Span requested from the data below: the line with "FOTO DE ARCHIVO." through the line with "La collection Mahdi", both included. Give only these lines again, exactly, and leave every picture out.

Exercise data:
#####

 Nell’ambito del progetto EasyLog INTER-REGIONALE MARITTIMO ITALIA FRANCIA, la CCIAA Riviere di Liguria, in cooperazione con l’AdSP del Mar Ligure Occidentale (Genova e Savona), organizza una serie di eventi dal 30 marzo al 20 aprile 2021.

#####

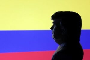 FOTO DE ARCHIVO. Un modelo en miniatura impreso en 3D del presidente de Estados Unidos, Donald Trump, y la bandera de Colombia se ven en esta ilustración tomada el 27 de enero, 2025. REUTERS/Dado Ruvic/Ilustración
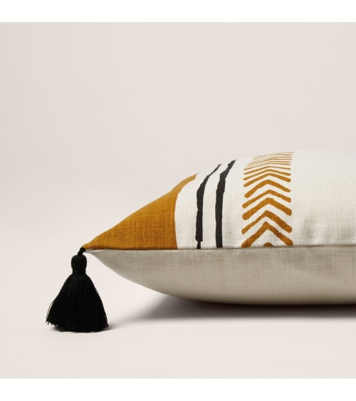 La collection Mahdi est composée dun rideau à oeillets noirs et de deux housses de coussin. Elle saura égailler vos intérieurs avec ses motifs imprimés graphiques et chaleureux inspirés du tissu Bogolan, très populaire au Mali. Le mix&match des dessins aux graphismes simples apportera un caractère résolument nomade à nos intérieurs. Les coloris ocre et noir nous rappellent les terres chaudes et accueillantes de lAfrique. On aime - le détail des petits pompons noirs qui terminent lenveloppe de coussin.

#####

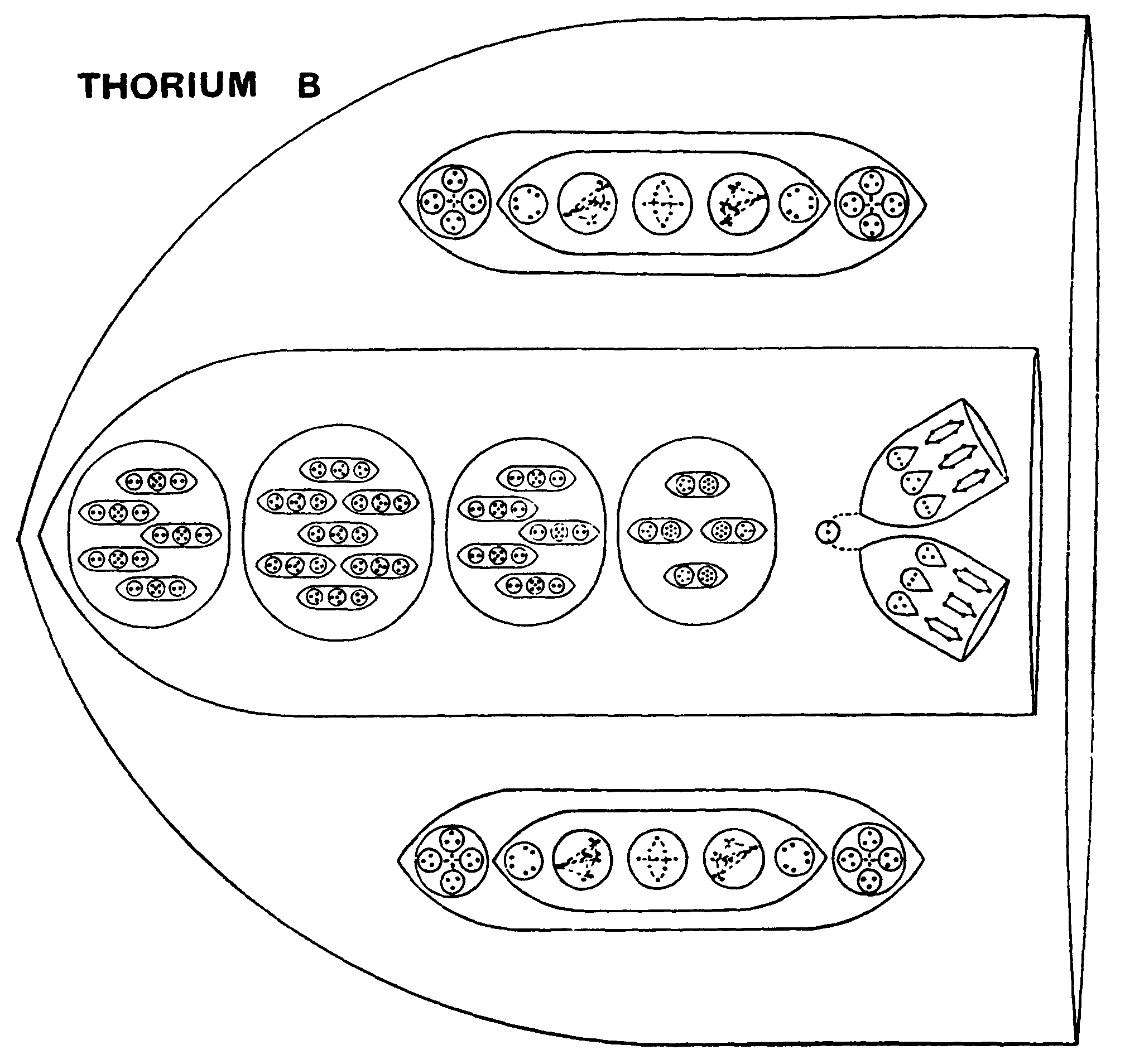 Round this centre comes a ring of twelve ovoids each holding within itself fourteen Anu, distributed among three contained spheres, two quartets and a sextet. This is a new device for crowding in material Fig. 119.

#####

Exercise answer:
 FOTO DE ARCHIVO. Un modelo en miniatura impreso en 3D del presidente de Estados Unidos, Donald Trump, y la bandera de Colombia se ven en esta ilustración tomada el 27 de enero, 2025. REUTERS/Dado Ruvic/Ilustración
 La collection Mahdi est composée dun rideau à oeillets noirs et de deux housses de coussin. Elle saura égailler vos intérieurs avec ses motifs imprimés graphiques et chaleureux inspirés du tissu Bogolan, très populaire au Mali. Le mix&match des dessins aux graphismes simples apportera un caractère résolument nomade à nos intérieurs. Les coloris ocre et noir nous rappellent les terres chaudes et accueillantes de lAfrique. On aime - le détail des petits pompons noirs qui terminent lenveloppe de coussin.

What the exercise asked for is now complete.